President-elect Joe Biden is promising to start implementing on day one the most aggressive policies to curb emissions of any administration.
His administration is poised to get started quickly. Biden is bringing in a team of climate policymaking veterans, former Obama Environmental Protection Agency Administrator Gina McCarthy and former Secretary of State John Kerry, to run his White House climate shop.
He has also been laying the groundwork for months to set an “all of government” strategy to curb greenhouse gas emissions sharply. Environmentalists and those close to Biden’s team expect the president-elect will seek to codify his overall agenda in his first days, maybe even in his first few hours on the job.
“I’m just hoping to hear on day one, or very, very early, signals about an urgent agenda to address neglected pollution problems, including, of course, climate change,” said David Doniger, senior strategic director of the Natural Resources Defense Council's climate and clean energy program.
Biden has no shortage of ideas at his disposal, too. On the campaign trail, and even more since his election, climate advocates, clean energy companies and environmental groups have offered Biden’s team an overflow of policy blueprints, laying out in granular detail how each agency, not just the Environmental Protection Agency and Energy Department, can combat climate change.
In addition, climate activists will be clamoring for immediate and aggressive action from Biden, citing the urgency of addressing rising global emissions and a need to repair the environmental damage they say the Trump administration has caused.
“We need to meet this moment with the urgency it demands as we would during any national emergency,” Biden said Dec. 19, introducing his climate and energy Cabinet nominees and appointments.
Here’s what to expect from Biden on climate change in his first days in office, based on a review of his climate plans:
Perhaps the biggest action to watch for: Biden is promising on his first day to sign executive orders “with unprecedented reach that go well beyond” what the Obama administration set out to achieve.

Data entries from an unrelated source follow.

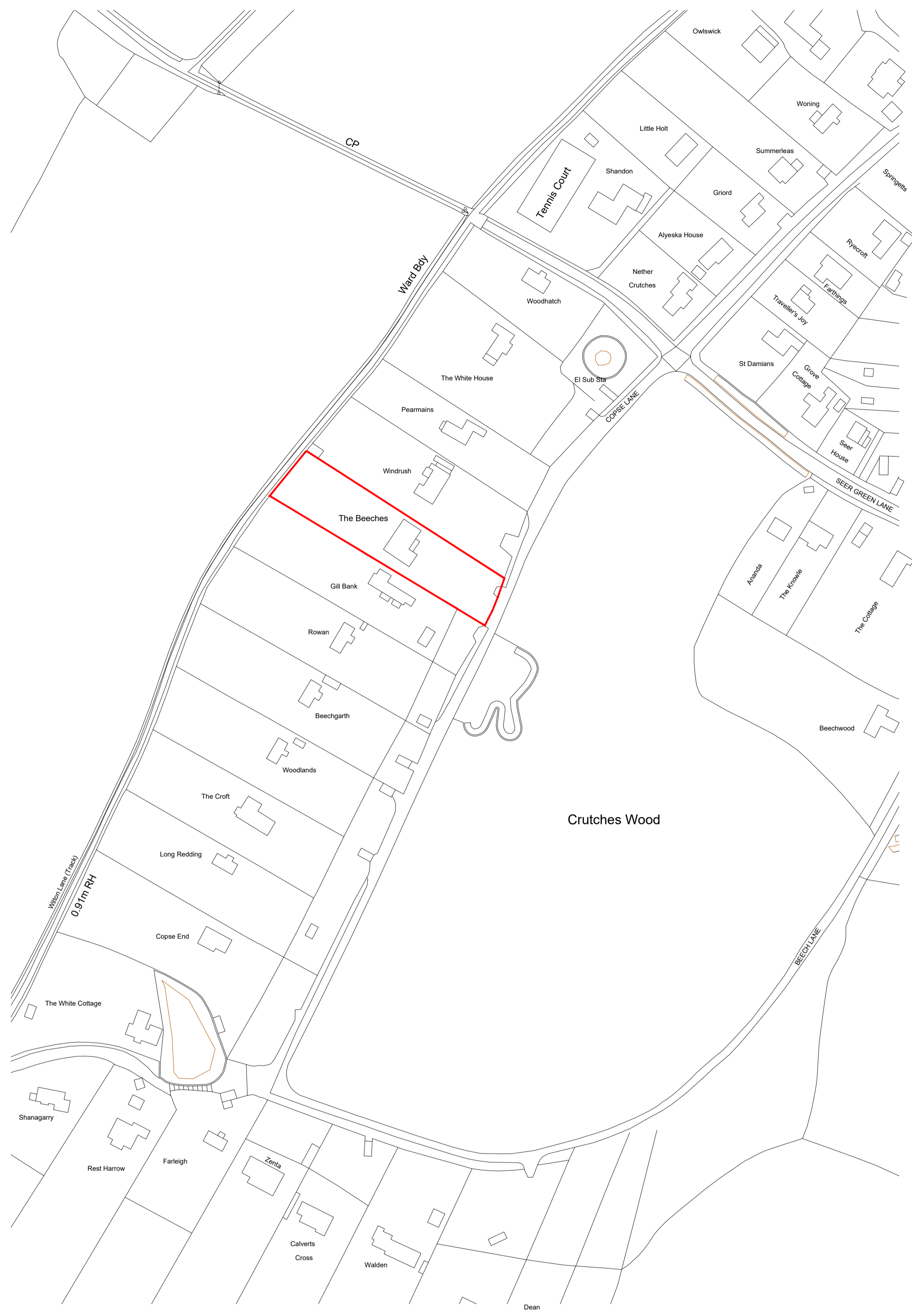
LOCATION PLAN: 1:1250 @ A1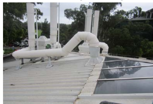
Northern wing - eastern view showing glass skylight over stairwell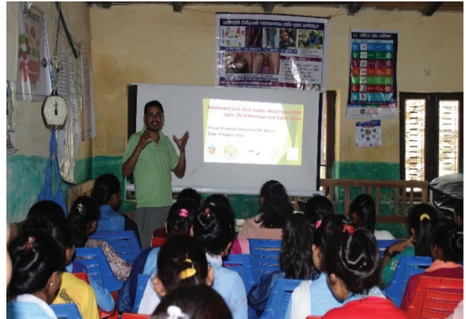
Video voice training on child right and cyber-crime in Bajhang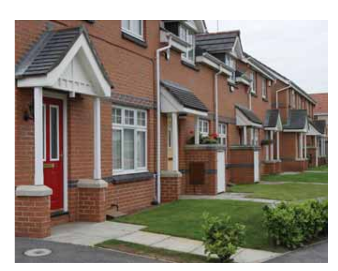
The Turnstile, Ayresome - successful inner housing

Those executive orders, environmentalists say, will be critical to sending a signal to government agencies that climate change is a priority.
It’s expected Biden could seek to, through executive order, set the United States on a path to achieve net-zero emissions by 2050 and a carbon-free power sector by 2035. Biden has also pledged to set a goal for the U.S. to conserve 30% of U.S. lands and waters by 2030, as well as establish targets to increase reforestation and expand renewable energy on federal lands.

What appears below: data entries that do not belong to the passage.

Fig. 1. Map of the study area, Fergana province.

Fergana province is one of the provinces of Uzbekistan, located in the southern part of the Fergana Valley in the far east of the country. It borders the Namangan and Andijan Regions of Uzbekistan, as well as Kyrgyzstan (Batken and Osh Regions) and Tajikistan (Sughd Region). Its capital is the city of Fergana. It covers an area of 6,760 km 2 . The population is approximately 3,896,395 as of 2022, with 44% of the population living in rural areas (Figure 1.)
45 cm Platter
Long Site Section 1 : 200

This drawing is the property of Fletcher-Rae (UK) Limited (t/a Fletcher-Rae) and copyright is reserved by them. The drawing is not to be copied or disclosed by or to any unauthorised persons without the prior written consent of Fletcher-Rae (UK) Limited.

Biden is also likely to task specific federal agencies with beginning work to rewrite Trump-era environmental rollbacks, set stricter emissions mandates, limit fossil fuel production, and ramp up clean energy generation.

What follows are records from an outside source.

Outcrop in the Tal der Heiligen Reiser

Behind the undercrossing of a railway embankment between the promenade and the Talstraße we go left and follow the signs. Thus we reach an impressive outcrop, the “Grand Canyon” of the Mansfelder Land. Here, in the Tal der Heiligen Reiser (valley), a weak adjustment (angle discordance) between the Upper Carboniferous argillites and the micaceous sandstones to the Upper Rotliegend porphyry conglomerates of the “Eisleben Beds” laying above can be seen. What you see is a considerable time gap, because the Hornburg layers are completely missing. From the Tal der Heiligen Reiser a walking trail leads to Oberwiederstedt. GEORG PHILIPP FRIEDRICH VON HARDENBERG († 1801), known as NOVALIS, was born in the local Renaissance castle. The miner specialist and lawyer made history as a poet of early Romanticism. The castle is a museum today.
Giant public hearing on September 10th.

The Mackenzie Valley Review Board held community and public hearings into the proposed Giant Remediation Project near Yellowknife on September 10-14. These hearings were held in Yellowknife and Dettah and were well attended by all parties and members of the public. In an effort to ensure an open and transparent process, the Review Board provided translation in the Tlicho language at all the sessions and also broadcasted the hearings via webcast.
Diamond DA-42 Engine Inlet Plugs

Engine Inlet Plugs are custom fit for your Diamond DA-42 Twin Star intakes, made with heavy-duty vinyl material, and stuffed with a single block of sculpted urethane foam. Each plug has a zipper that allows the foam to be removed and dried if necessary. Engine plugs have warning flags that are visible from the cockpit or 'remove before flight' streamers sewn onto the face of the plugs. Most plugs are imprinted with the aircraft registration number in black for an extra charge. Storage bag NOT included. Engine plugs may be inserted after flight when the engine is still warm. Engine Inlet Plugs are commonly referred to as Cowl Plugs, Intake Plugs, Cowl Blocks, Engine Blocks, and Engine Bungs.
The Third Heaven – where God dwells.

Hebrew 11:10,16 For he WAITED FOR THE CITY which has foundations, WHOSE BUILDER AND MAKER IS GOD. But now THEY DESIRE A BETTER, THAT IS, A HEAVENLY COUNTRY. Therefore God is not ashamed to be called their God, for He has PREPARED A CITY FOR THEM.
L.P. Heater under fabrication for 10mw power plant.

Top of the list for the EPA, for example, would be to set requirements for oil and gas facilities to reduce emissions of the potent greenhouse gas methane, said Conrad Schneider, advocacy director at the Clean Air Task Force. Biden could also direct the EPA to rewrite carbon emissions limits for power plants that the Trump administration weakened, he said.
Biden has also pledged to direct the EPA and Transportation Department to set stricter fuel economy standards for passenger cars and to restore California’s ability to set its own tailpipe greenhouse gas limits.
In addition, any day one executive order could be the first place Biden directs the Interior Department to restrict fossil fuel development on public lands. Biden has promised to bar new federal leasing for oil and gas on federal lands and waters.
Other actions Biden has promised in his climate plan for which directives could appear in a day one executive order:
- Directing the federal government to purchase more clean energy, electric cars, and other low-carbon technologies.
- Ordering the Energy Department to set tighter energy efficiency standards for appliances and buildings.
- Requiring that federal permitting of infrastructure, energy, and other projects assess the effects they would have on greenhouse gas emissions.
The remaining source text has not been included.